Em’s story has the authenticity of memoir, but it’s also highly embellished, incorporating the literary licence of fiction. Em is a character—she’s my alter ego—unleashed and unfiltered.
I started writing this book as memoir, based on my experience living in China. At the time, the book was called The Tagalong Wife. It was centred around expat wives, no husbands allowed in the story. My original concept was that environmental issues like pollution would be the antagonist, but as I got deeper into the writing, I realized there was no relationship drama or conflict. At the time, my marriage was in a great place—so I created Em.
Em has VOICE, all caps. How did you develop her distinctive style?
Em expresses things I’ve thought but wouldn’t say out loud. I gave her free rein. Whenever the story strayed from that voice, I’d step away from computer and write in pencil, basically stream of consciousness, until her voice emerged on the page.
Junot Díaz was my style muse. I discovered his work while teaching writing to youth in detention. The kids could totally relate to his style, he’s from the Dominican Republic and moves fluidly, exquisitely, between Spanish, English, and street language.
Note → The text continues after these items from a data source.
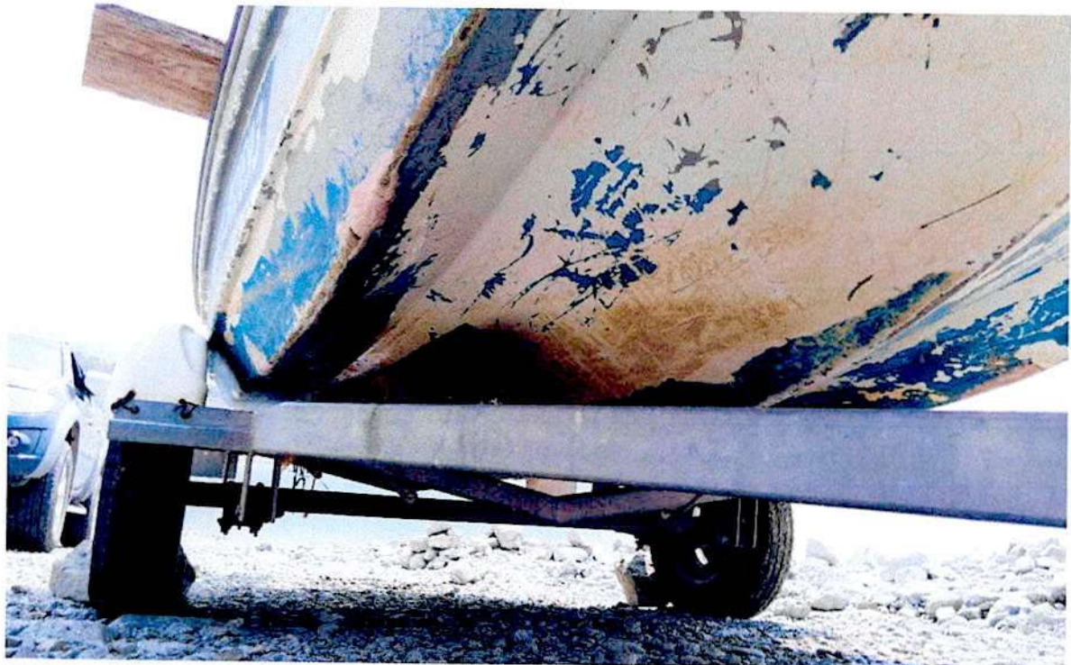
Front Bottom View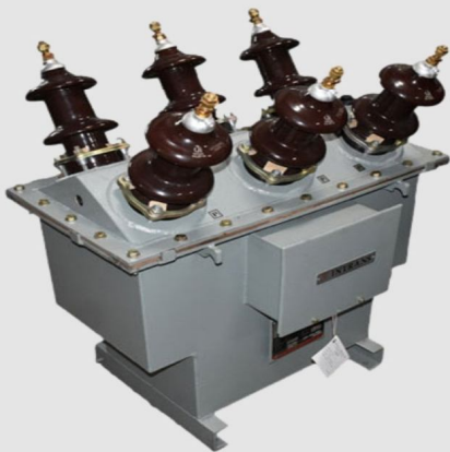
CTPT Pole Unit (Oil Filled)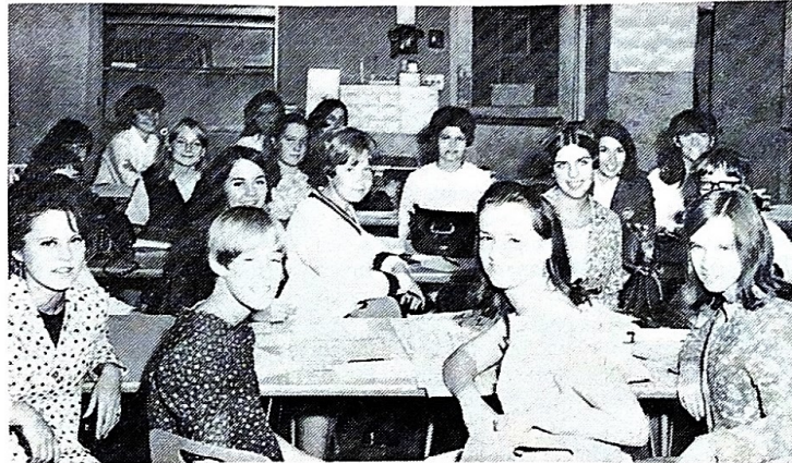
Having completed the first edition of the Bolt, the staff is all smiles.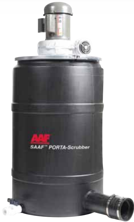
PORTA-Scrubber 200, with cast aluminum pressure blower.

1.3.2 Gas Phase Chemical Media: Gas phase chemical media is shipped in plastic bags within cardboard cartons or sling bags. The carton shown below has dimensions of 12" high x 12" wide x 12" deep and contains one cubic foot of SAAF chemical media. The weight of cartons will vary between 30 and 50 pounds, depending on the chemical media required.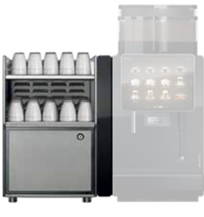
Chill & Cup The space-saving solution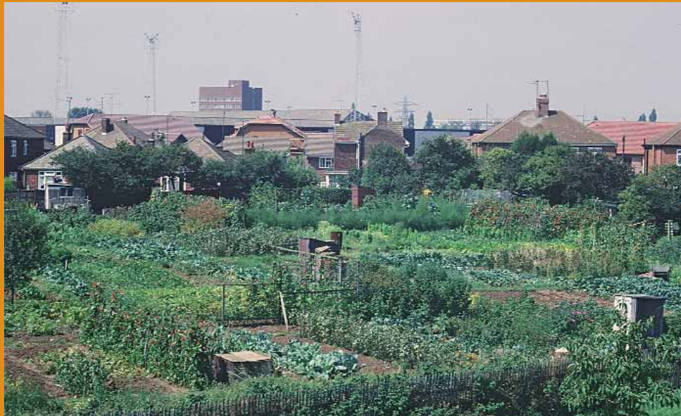
Allotments are a refuge for both people and wildlife.

Allotments have been around for a long time. They were originally created for poor agricultural workers to compensate them for the loss of common land during the enclosures of the eighteenth century. Allotments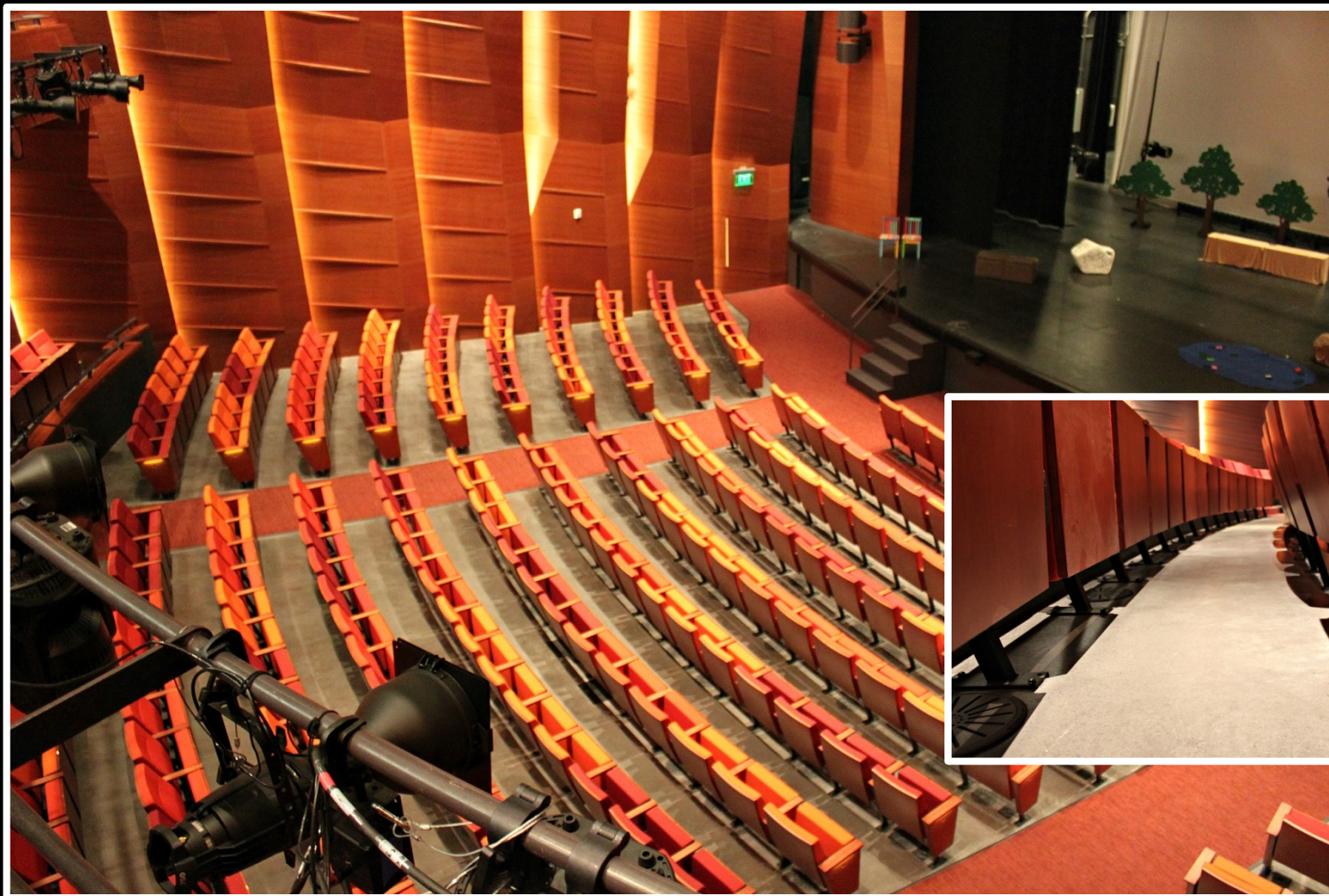
Project Location – Texas; Bomanite Toppings System - Micro-Top

He’s also a Pulitzer prize-winning author. His book This is How You Lose Her sat on my desk, dog-eared. Sometimes, when I lost my way, I’d stop and read a page of his work out loud. And then I’d let Em loose on the page.

How does your husband feel about the book? Does he want right of reply?
Ha! My husband is one of my biggest supporters. He has a theatre background and understands the need for dramatic license. He never confirms what is true or what was embellished. That’s not a question I answer either. My goal was not to adhere to the facts, but to find the emotional truth of this story.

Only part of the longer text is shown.